Aber es kommt auch schon mal vor, das die Aktualisierung einiges länger dauert als 15 Minuten,
es kann schon mal 1 - 2 Stunden oder länger dauern,
je nach dem wie stark die DB belastet ist und massen von Daten verarbeiten muß.

Und ich nutzte im Moment die 
V.0.16.2 Build: 231


----------



## Efgrib (8. Februar 2007)

unsre gilde benutzt zur mitgliederverwaltung blasc - und seit ein paar tagen wird bei der gesamten!! gilde kein profil mehr aktualisiert, also kommt uns bitte net mit ports oder so nem blödsinn, da liegt wohl ein andres problem vor!, es kommt immer die meldung, das am profil xy keine änderungen waren und darum nix abgegelichen wird, was definitiv nicht stimmt, da waren ne menge änderungen 


			Dieser Inhalt steht nur eingeloggten Mitgliedern zur Verfügung.
        


also bitte mal ne lösung anbieten die nix mit ports zu tun hat, daran liegts nämlich net


----------



## BeyondTheSilence (8. Februar 2007)

Dann schreib ich mal meinen Kommentar auch noch ;-)


Kurz: ich hab das Problem auch, dass der Upload nicht mehr geht, seit ein paar Tagen. Letzte Aktualisierung gemäss Char-Profil am 04.02. obwohl ich gestern und vorgestern auch drin war, hab sogar nen neuen Char angefangen, welcher aber auch nicht hochgeladen wird. 

Wie hier schon beschreiben, zeigt BlascClient ein erfolgreiches Übertragen des Profils an incl. dem Dank "Dank deiner Mithilfe wurden x Items in der DB aktualisiert".

Manueller Upload hab ich  noch nicht probiert. Werd ich heute bei Gelegenheit nachholen.

Evtl. hats ja was damit zutun, dass ich vor kurzem (2-3 Tage) meinen Addons ein Update verpasst habe, also alle aktualisiert, wos ne neue Version gab.
Auch das werd ich mal Testen, indem ich alle anderen Addons deaktiviere (mann, wird das langweilig aussehen ;-))

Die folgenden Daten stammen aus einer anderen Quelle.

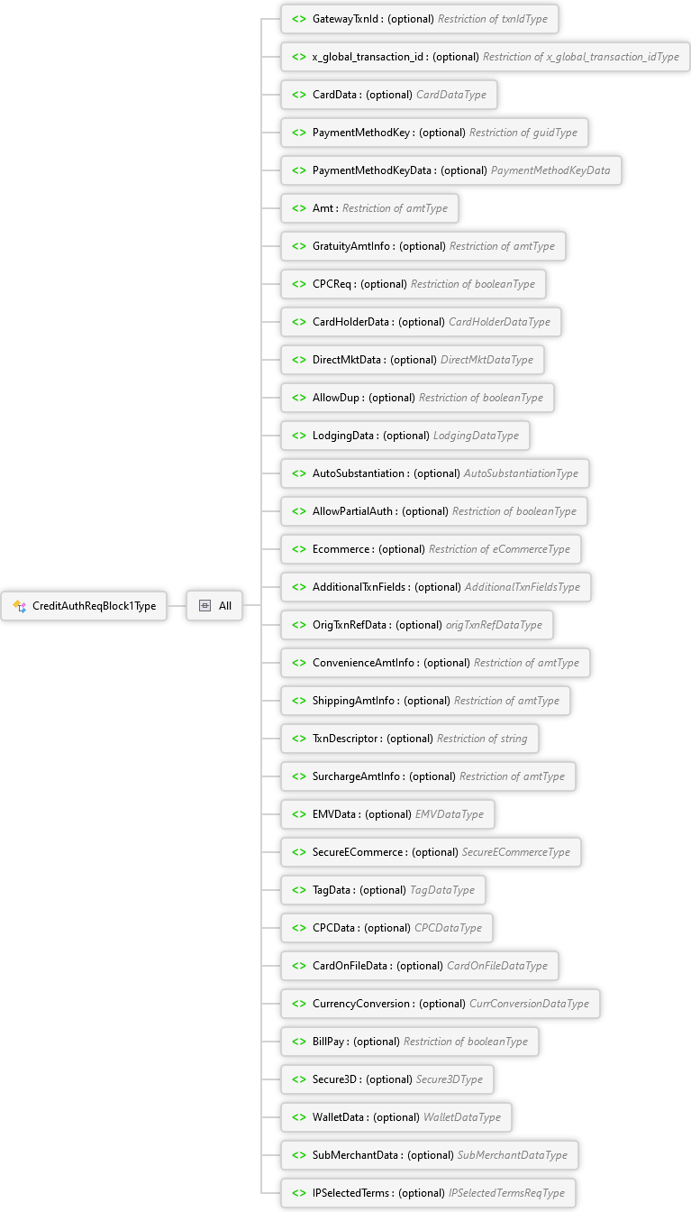 IPSelectedTerms Element SubMerchantData Element WalletData Element Secure3D Element BillPay Element CurrencyConversion Element CardOnFileData Element CPCData Element TagData Element SecureECommerce Element EMVData Element SurchargeAmtInfo Element TxnDescriptor Element ShippingAmtInfo Element ConvenienceAmtInfo Element OrigTxnRefData Element AdditionalTxnFields Element Ecommerce Element AllowPartialAuth Element AutoSubstantiation Element LodgingData Element AllowDup Element DirectMktData Element CardHolderData Element CPCReq Element GratuityAmtInfo Element Amt Element PaymentMethodKeyData Element PaymentMethodKey Element CardData Element x_global_transaction_id Element GatewayTxnId Element All CreditAuthReqBlock1Type Complex Type

Dann werd ich mal noch die lua auf Veränderungen checken, sollten ja welche drin stehen. Und die Debug Datei (wie hiess die doch gleich noch ?)

Werd mich dann Melden ;-)


----------



## Roran (8. Februar 2007)

Giorgo schrieb:


> ganz ehrlich Roran, ich bezweifle stark das bei dir blasc funktioniert
> 
> 
> Dieser Inhalt steht nur eingeloggten Mitgliedern zur Verfügung.
> ...


Ich versuche erst mal alle bekannten Probleme aus zu schließen, das macht jeder der sich um Probleme oder Fehler kümmert.
So was nennt man Fehler Suche.



Giorgo schrieb:


> ich sags mal so, wenn von ca 20 leute die 19 sagen das es vor ca 4 tagen aufgehört hat automatisch die daten zu uppen, dann hat das echt nichts mit den einstellungen zu tun, oder ändert sich das alle paar tage im blasc von alleine? ich red jetzt nicht nur von den leuten hier im forum, ich hab 5 freunde die alle auch blasc benutzen und alle haben das selber problem und das seit ca 5 tage...


Wenn man davon ausgehen kann,
das alle alles richtig eingestellt haben, würde ich bei den Admins nach hacken und fragen was los ist.
Aber leider hat die Erfahrung gezeigt, das es sehr oft an dem PC der User gelegen hat und nicht an BLASC.
Das hat auch nix damit zu tun, das wir Mods den Schwarzen Peter wem unterschieben wollen.



Giorgo schrieb:


> ist mir egal was du dazu nun sagst, fakt ist das blasc bei mir und etlichen anderen NICHT funktioniert...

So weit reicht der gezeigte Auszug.